Notwithstanding this precarious state of affairs, the government intends to spend trillions more dollars on wealth-consuming entitlement projects such as education, health care, auto sales, and the pursuit of fruitless wars in Iraq and Afghanistan.

America still has the largest economy in the world, but that doesn’t mean that it is the richest. Although Americans enjoy one of the world’s highest standards of living, they are also its largest debtors. As a result of the debt, which is subtracted from output, the worldwide rank of U.S. GDP is not first, as most would expect, but fifteenth!

For many years, two factors have prevented rank-and-file Americans from perceiving the weakness of our economic foundation. First, the international reserve status enjoyed by the U.S. dollar has delayed severe price erosion and allowed Americans to buy imports at a falsely advantageous price. Second, American living standards have long been heavily financed from abroad, most notably today by China.

The Chinese have recently expressed grave concerns about depreciation of their dollar-denominated assets and openly challenged the reserve status of the dollar. As Chinese support is vital to our currency’s continued viability, these threats are bound to exert downward pressure on the price of the dollar. In short, China is increasingly unwilling to finance America’s falsely high standard of living. If the Chinese pull out, where else can the U.S. turn?

Last week, in response to questions about the sustainability of Washington’s spending spree, Tim Geithner uttered one of the more ambiguous phrases ever from a sitting Treasury Secretary, saying, “the government will have to do what the government has to do.??? His comments went unexplained and could have referred to massive future tax increases.
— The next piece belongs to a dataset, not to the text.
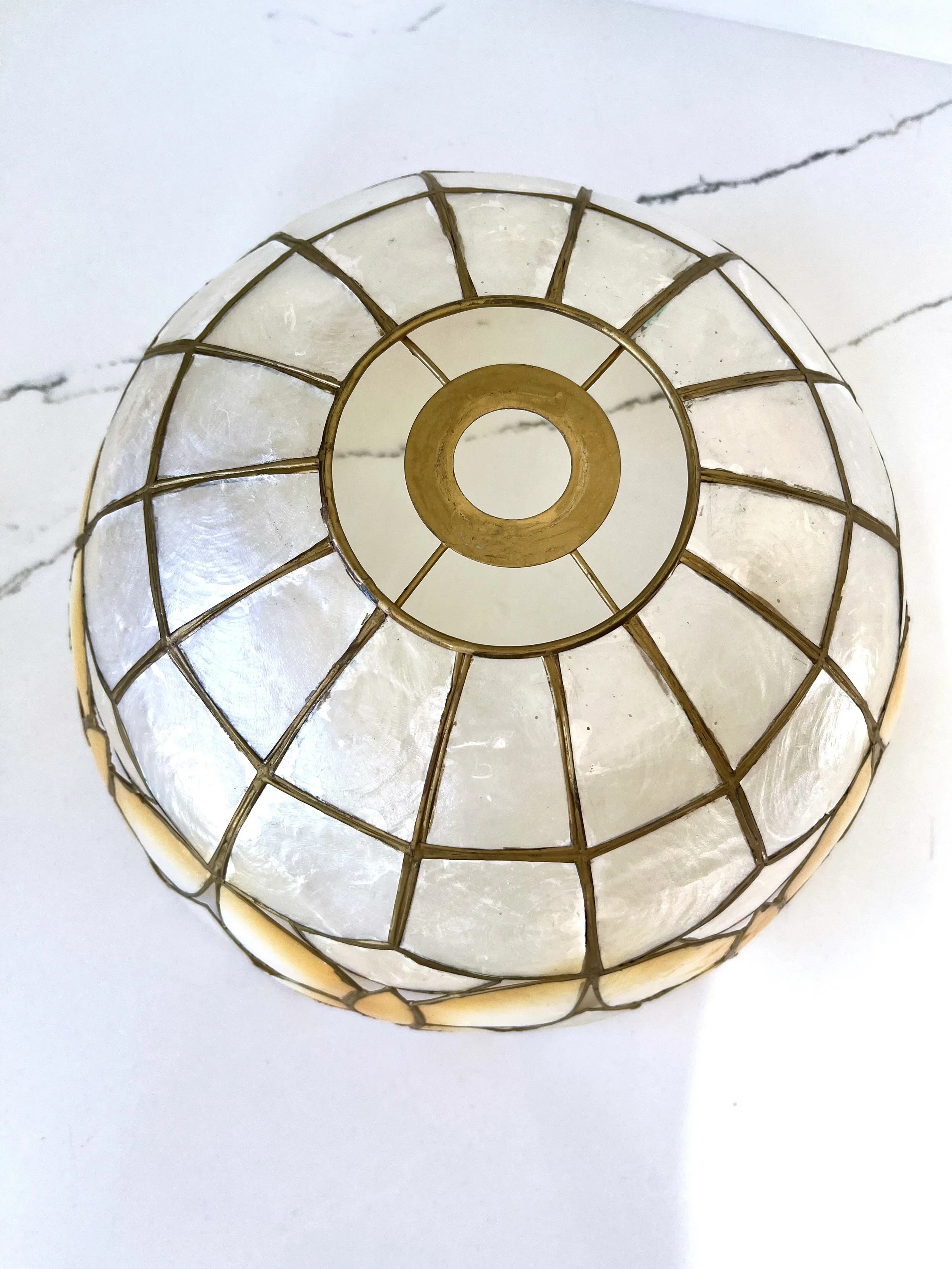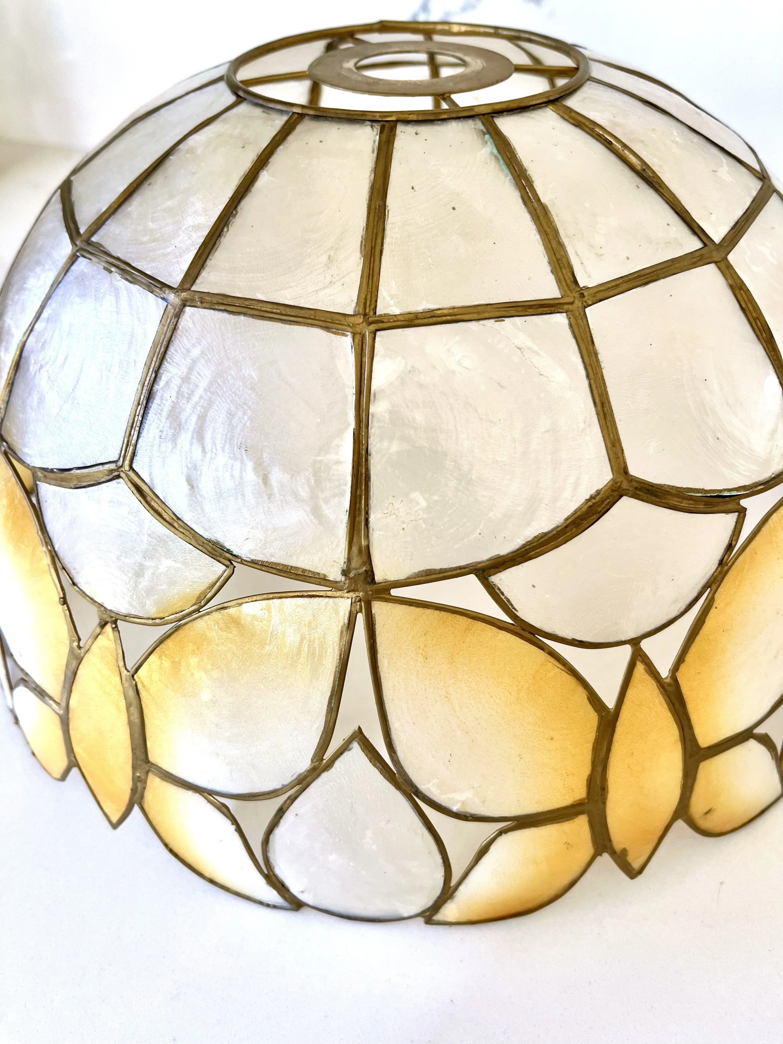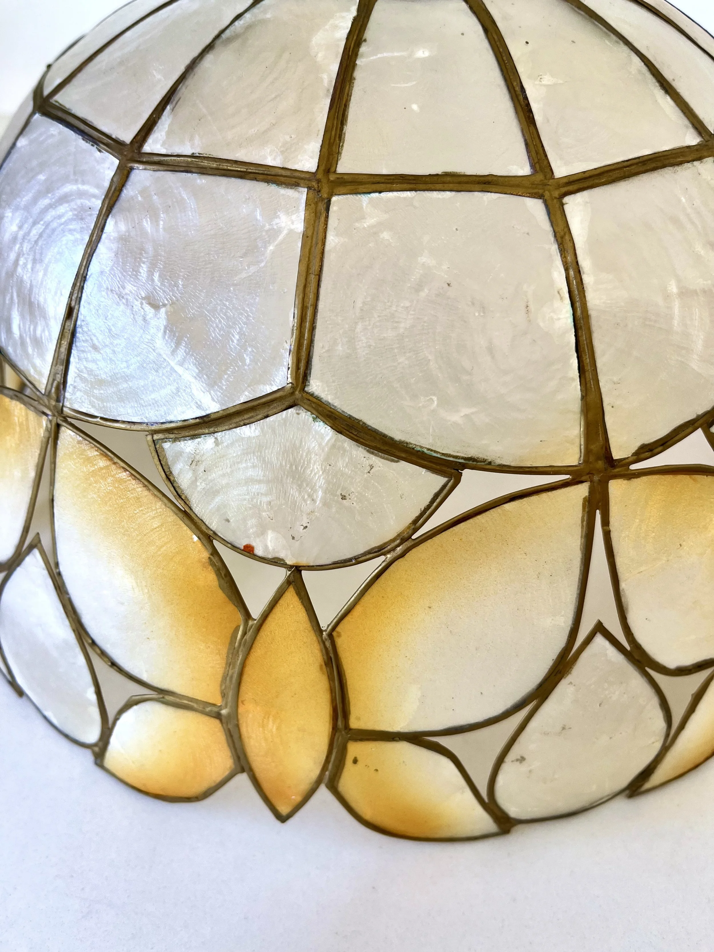 Great 1980s brass-framed Capiz shell hanging ceiling lampshade.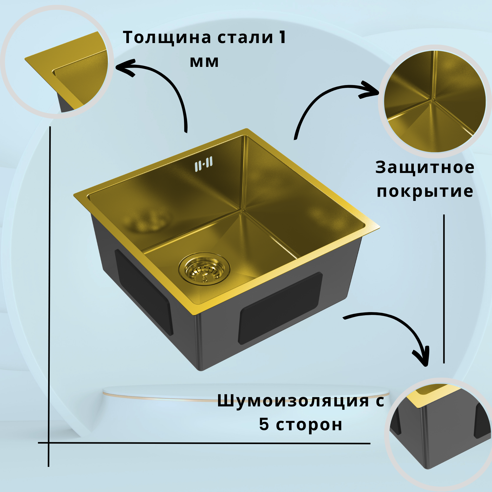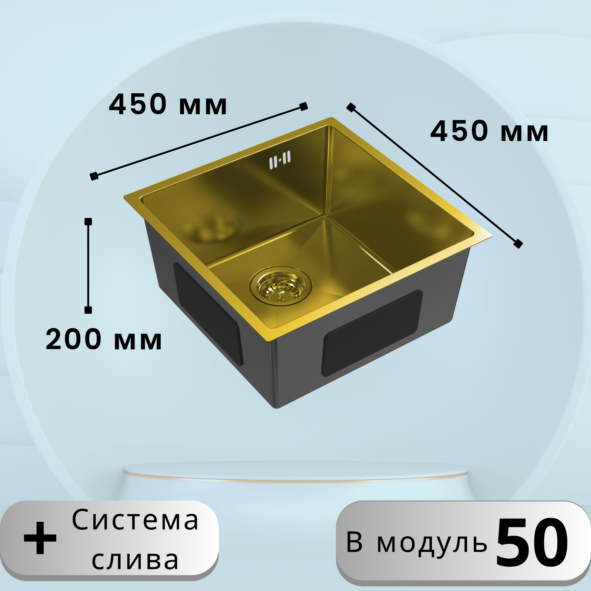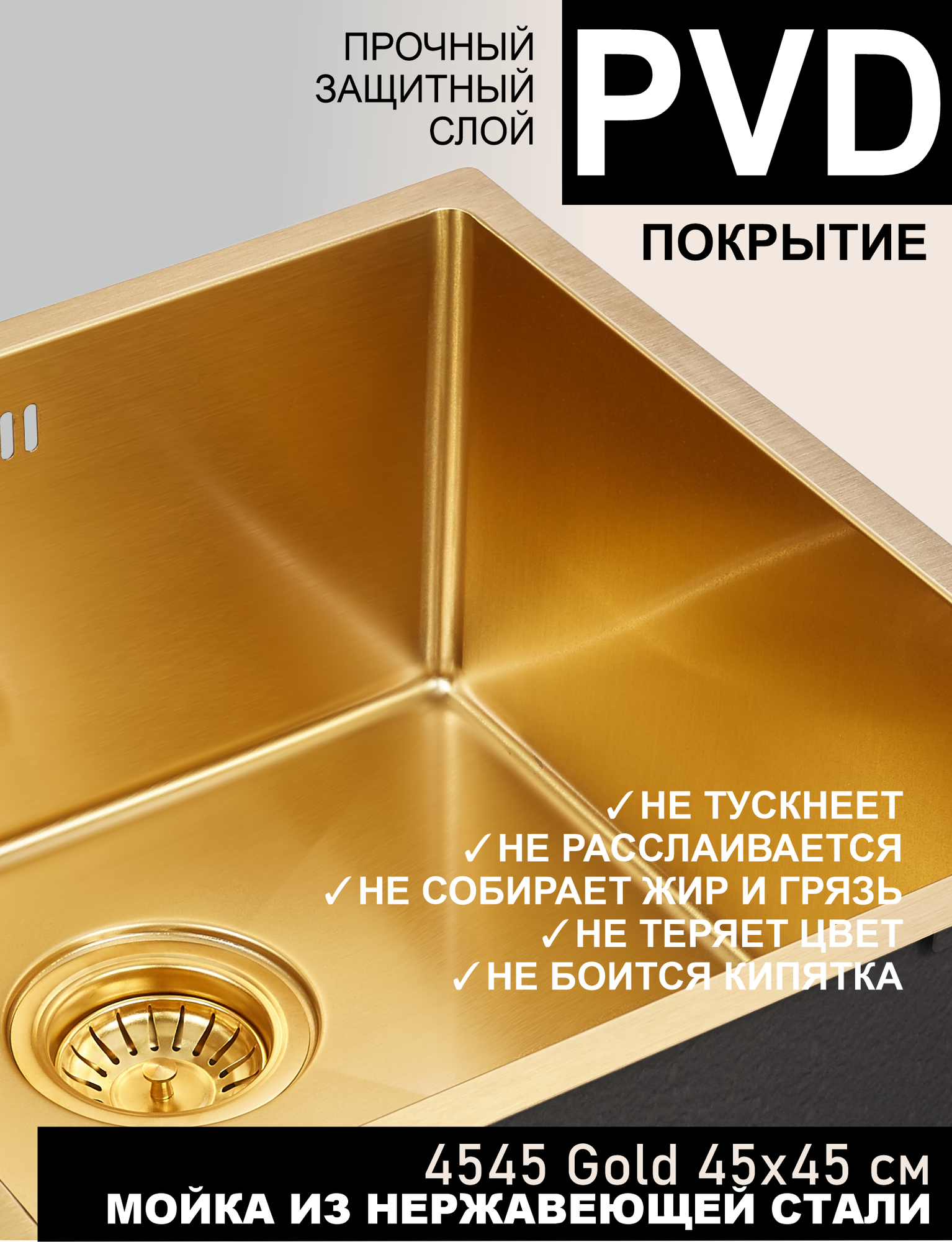 Мойка кухонная 45х45 см золото, нержавеющая сталь, квадратная, PVD покрытие интересное:

More ominously, they could have hinted any measure from an extended “bank holiday,??? to currency exchange controls, or even to a massive devaluation of the U.S. dollar (similar to the 75 percent devaluation instigated by Franklin Roosevelt in 1934).

Increasingly, it appears that the government is aware that its reckless expenditures will be financed less by foreigners and increasingly by current, and more importantly future, U.S. taxpayers – and potentially by a severe devaluation of the dollar.

It does not take a student of architecture to grasp that America’s very structure is becoming more and more vulnerable to the shifting sands of economic policy being made in foreign capitals, and blowing upon our shores.